David Egerton
- Born: David William Egerton 19 October 1961 Pinner, Middlesex, England, United Kingdom
- Died: 8 February 2021 (aged 59) Bristol, England, United Kingdom
- University: Loughborough University

Rugby union career
- Position: No. 8

Amateur team(s)
- Years: Team / Apps / (Points)
- 1980-1982: Salisbury
- 1981-1984: Loughborough Students

Senior career
- Years: Team / Apps / (Points)
- 1985–1995: Bath Rugby / 163
- Correct as of 9 February 2021

International career
- Years: Team / Apps / (Points)
- 1988–1990: England / 7 / (4)
- 1989: British and Irish Lions / 1
- Correct as of 9 February 2021

= Dave Egerton =

England international rugby union player (1961–2021)

David William Egerton (19 October 1961 – 8 February 2021) was an English rugby union international who represented England from 1988 to 1990. At club level, Egerton played for Bath Rugby between 1985 and 1995 . After retiring, Egerton worked briefly as a coach for Bristol and Bridgwater & Albion before focusing on building his career in financial services.

==Early life==
David Egerton was born on 19 October 1961 in Pinner, Middlesex, and from 1973 to 1980 attended Bishop Wordsworth's School. His father Bob, and later his brother Andrew, both represented Wasps FC. Starting out as a lock, Egerton soon switched to the back row and primarily played as a number 8.

==Rugby union career==
As a schoolboy Egerton was capped for England U16 and U19 before going on to study at Loughborough University, where he played for English Universities and England Students rugby teams.

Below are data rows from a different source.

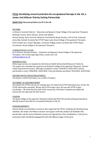 Title: | Identifying research priorities for occupational therapy in the UK: A James Lind Alliance Priority Setting Partnership |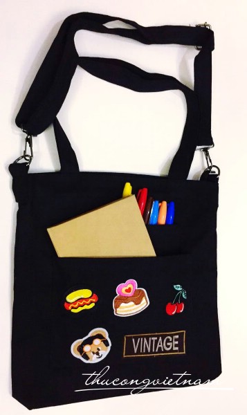 Túi được trang trí hình ngẫu nhiên bằng những miếng patch xinh.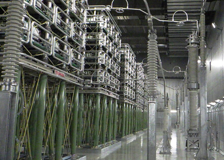 To solve the challenge of transmitting electricity from remote locations, high voltage direct current (HVDC) technology is ideal because it’s better at transmitting large volumes of electricity across distances than the more common alternating current (AC). Toshiba’s HVDC power transmission project in Hokkaido, Japan, includes a 122-km hybrid DC transmission line with converter stations at each end, linking Hokkaido with Honshu, Japan’s main island to the south. Using a voltage-sourced-converter, the station can transmit power from Honshu even if there is an outage in Hokkaido.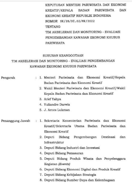Sementara penanggungjawab tim, Sekretaris Kementerian Pariwisata dan Ekonomi Kreatif / Kepala Badan Pariwisata dan Ekonomi Kreatif, yang didampingi 7 deputi yang ada di kementerian itu.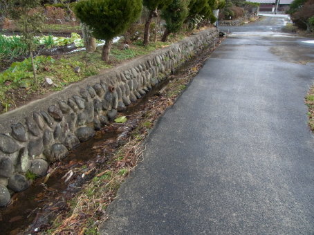 | 興禅院門前の水路と段差。 | |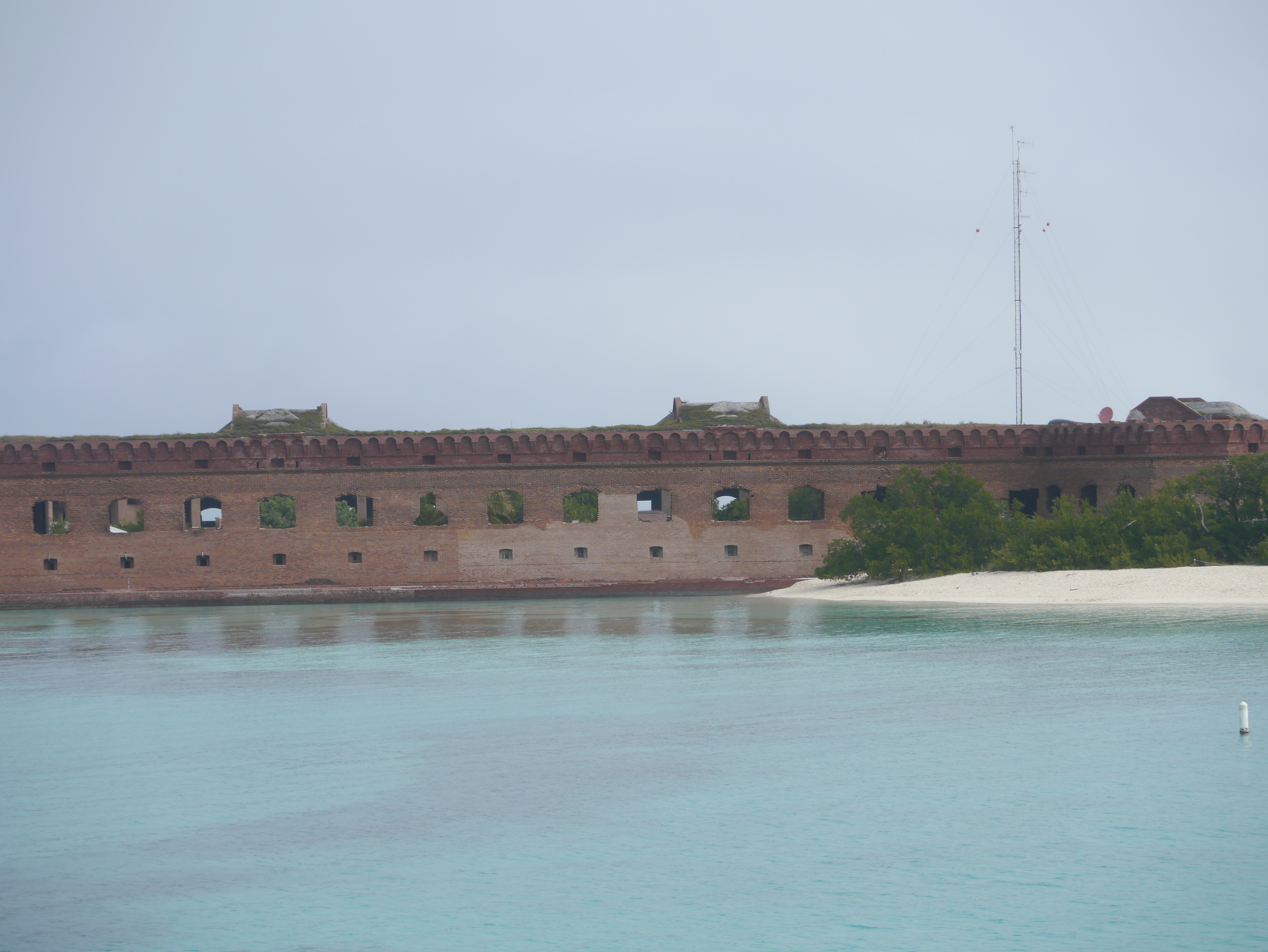 The Yankee Freedom II set off from Key West at 6am for the 70 mile trip across the Gulf of Mexico to the Dry Tortugas. Named Las Tortugas (turtles) by Ponce de Leon who landed here from Europe in 1513 and found the seas brimming with hawksbill, leatherback and loggerhead turtles. Nautical charts warned that the 7 mile long archipelago of 7 low lying islands were “dry” because of the lack of fresh water. An issue for the residents of Fort Jefferson that was built here to protect the Gulf of Mexico’s shipping routes. A very impressive 45’ high 3 level hexagonal building with 2000 archways which run ½ mile round the outside. But most impressive of all is that it was built with 16 million bricks!!!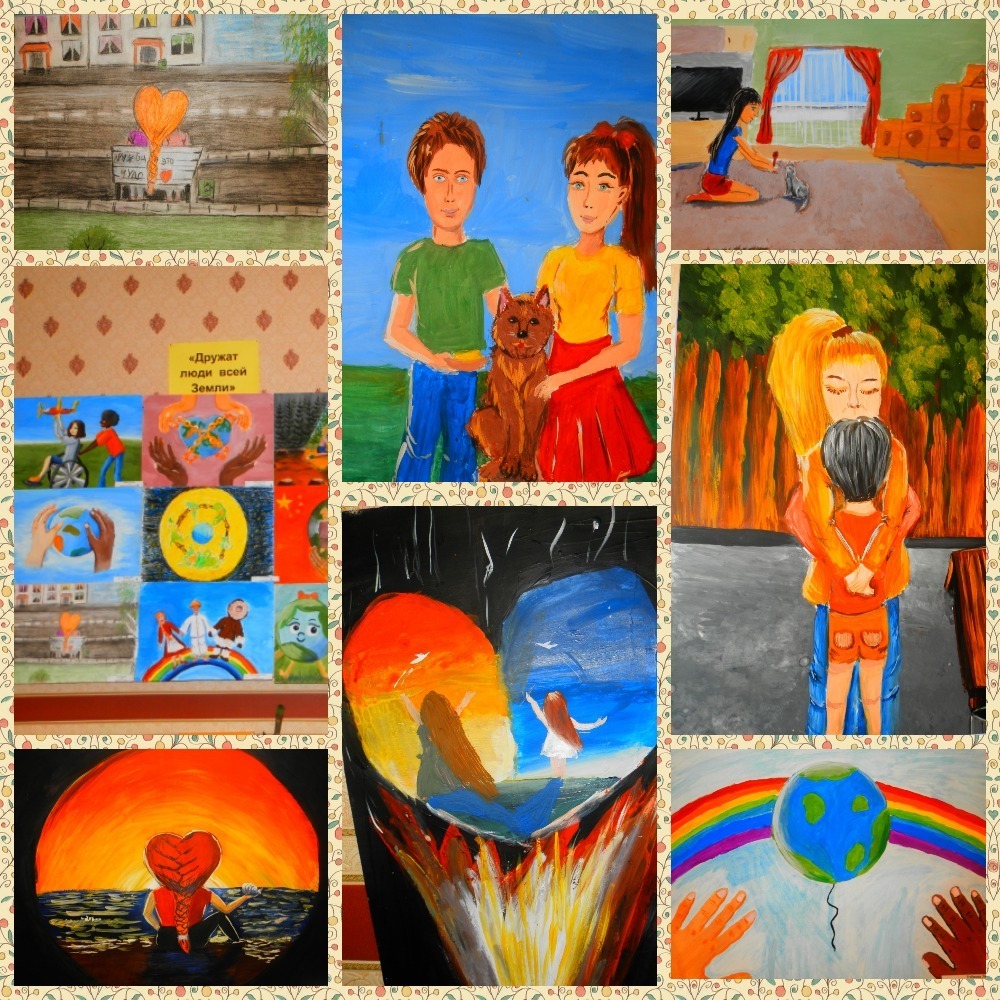 Эти рисунки были отправлены на районный конкурс «Дружат люди всей Земли», организованный Омутнинским металлургическим заводом к Международному дню толерантности.

Egerton made 163 appearances for Bath Rugby between 1985 and 1995. He won five league titles, and five cup competitions with Bath, and helped them win the 1990 Pilkington Cup. He averaged one try every three games for Bath.

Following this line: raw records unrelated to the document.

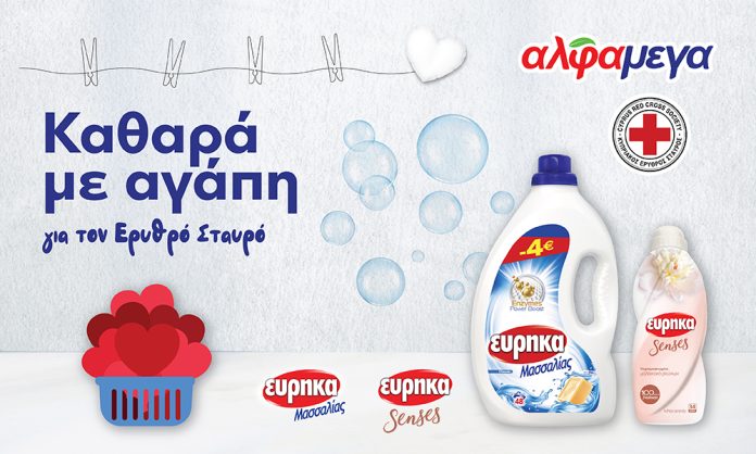 Μέσω της εκστρατείας «Καθαρά με αγάπη, για τον Ερυθρό Σταυρό», οι δύο εταίροι στηρίζουν το έργο του Κ.Ε.Σ. διαθέτοντας €0,30 για κάθε αγορά οποιουδήποτε υγρού απορρυπαντικού ΕΥΡΗΚΑ ΜΑΣΣΑΛΙΑΣ ή μαλακτικού ρούχων ΕΥΡΗΚΑ Senses, από τις Υπεραγορές ΑΛΦΑΜΕΓΑ, κατά την περίοδο 08/05 – 26/05. Οι Υπεραγορές ΑΛΦΑΜΕΓΑ και η εταιρεία ΕΥΡΗΚΑ καλούν το καταναλωτικό κοινό να συμμετάσχει στην εκστρατεία αγάπης που διοργανώνουν, με μοναδικό στόχο την προσφορά στον συνάνθρωπο, και να στείλουν μαζί ένα δυνατό μήνυμα αλληλεγγύης και συμπαράστασης.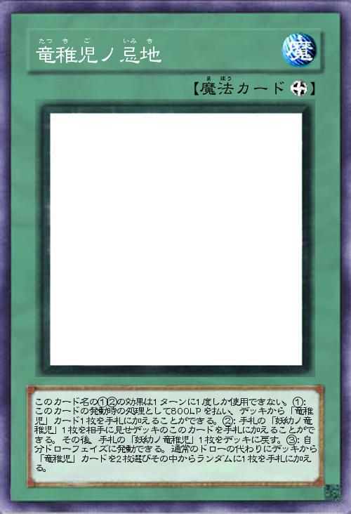 | このカード名の①②の効果は1ターンに1度しか使用できない。①:このカードの発動時の処理として800LPを払い、デッキから「竜稚児」カード1枚を手札に加えることができる。②:手札の「妖幼ノ竜稚児」1枚を相手に見せデッキのこのカードを手札に加えることができる。その後、手札の「妖幼ノ竜稚児」1枚をデッキに戻す。③:自分ドローフェイズに発動できる。通常のドローの代わりにデッキから「竜稚児」カードを2枚選びその中からランダムに1枚を手札に加える。 | |||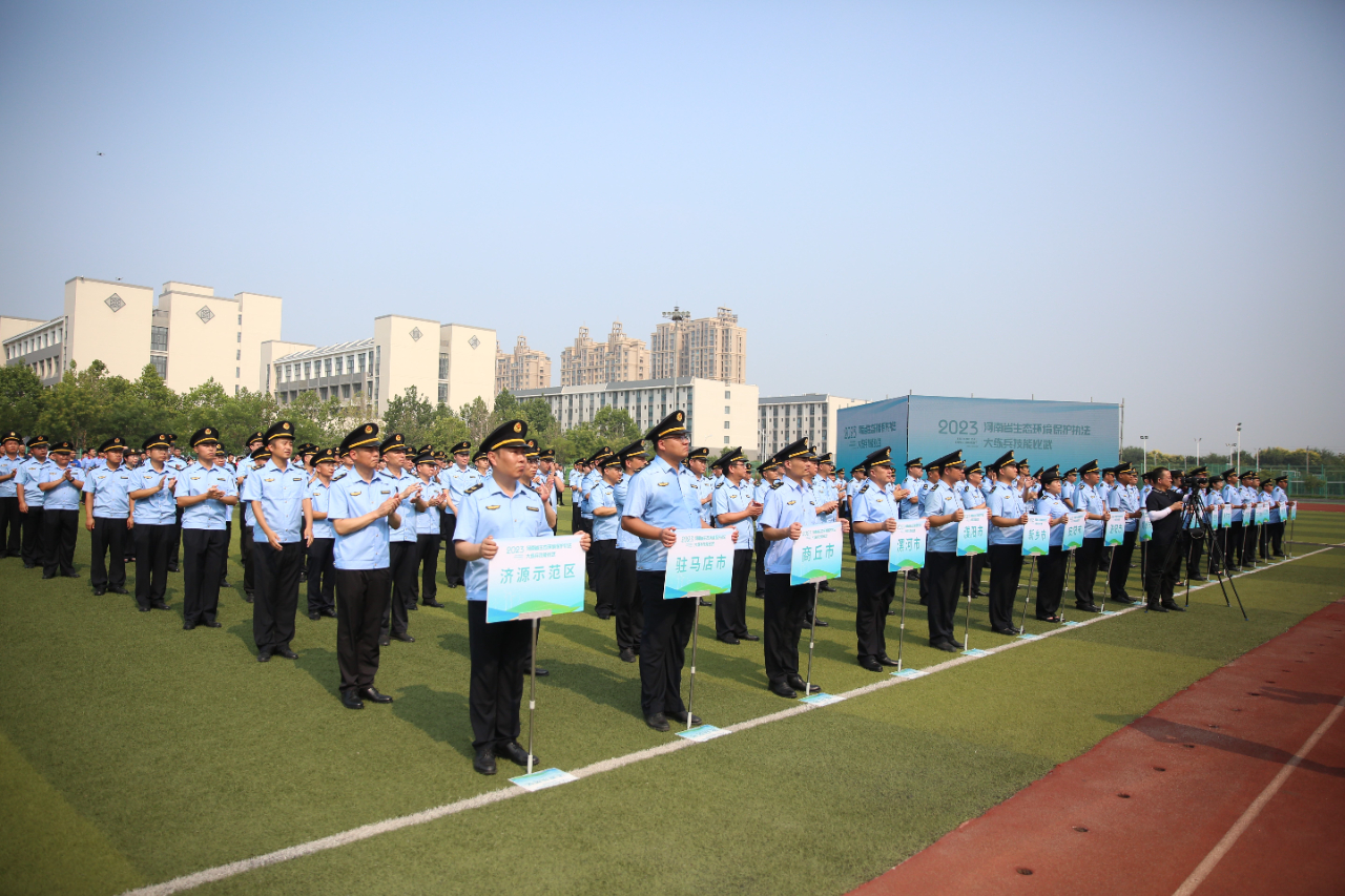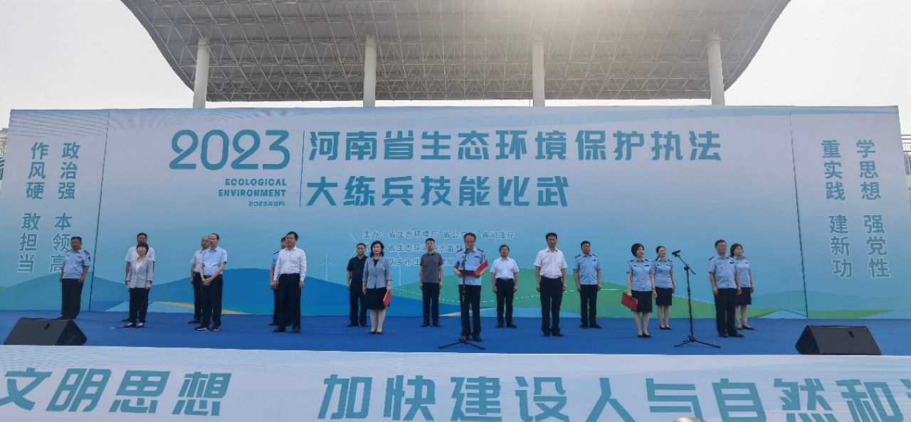 8月17日上午,由河南省生態(tài)環(huán)境廳、省公安廳、省司法廳聯(lián)合主辦的2023年全省生態(tài)環(huán)境保護(hù)執(zhí)法大練兵技能比武活動(dòng)在新鄉(xiāng)拉開了帷幕,來(lái)自全省的百名執(zhí)法精兵齊聚比武擂臺(tái),蓄勢(shì)聚能、整裝待發(fā)。此次比武共設(shè)置主題教育演講比賽、知識(shí)競(jìng)賽,無(wú)人機(jī)操作技能、污染源自動(dòng)監(jiān)控“打假”、VR現(xiàn)場(chǎng)模擬執(zhí)法、執(zhí)法新裝備運(yùn)用6項(xiàng)比武科目。活動(dòng)的舉辦旨在提升全省生態(tài)環(huán)境執(zhí)法人員綜合素質(zhì)、鍛造過硬的執(zhí)法隊(duì)伍,進(jìn)一步提升生態(tài)環(huán)境執(zhí)法人員來(lái)之能戰(zhàn)、戰(zhàn)之能勝的實(shí)戰(zhàn)能力。

Egerton won additional honours for Dorset and Wilts County Championship Team (1982), South West Division in the Divisional Championship (1985-86) and England B (1986-1988).

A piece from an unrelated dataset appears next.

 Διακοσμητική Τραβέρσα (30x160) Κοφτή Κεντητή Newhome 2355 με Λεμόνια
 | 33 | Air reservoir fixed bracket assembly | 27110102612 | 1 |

Egerton was selected for the England squad which went to the inaugural 1987 Rugby World Cup but did not make an appearance instead making his international debut on 23 April 1988 at Lansdowne Road against Ireland. Later the same year he was selected for the England tour of Australia and Fiji. Of the seven matches he played for the national side he was on the winning side on five times. He scored one international try, which came at Twickenham against Ireland in the opening round of the 1990 Five Nations Championship. He played his final match for England on 4 August 1990 at José Amalfitani Stadium against Argentina in the last match of the 1990 tour. Egerton was selected once again for the England squad at the 1991 Rugby World Cup, but was forced to pull out with injury.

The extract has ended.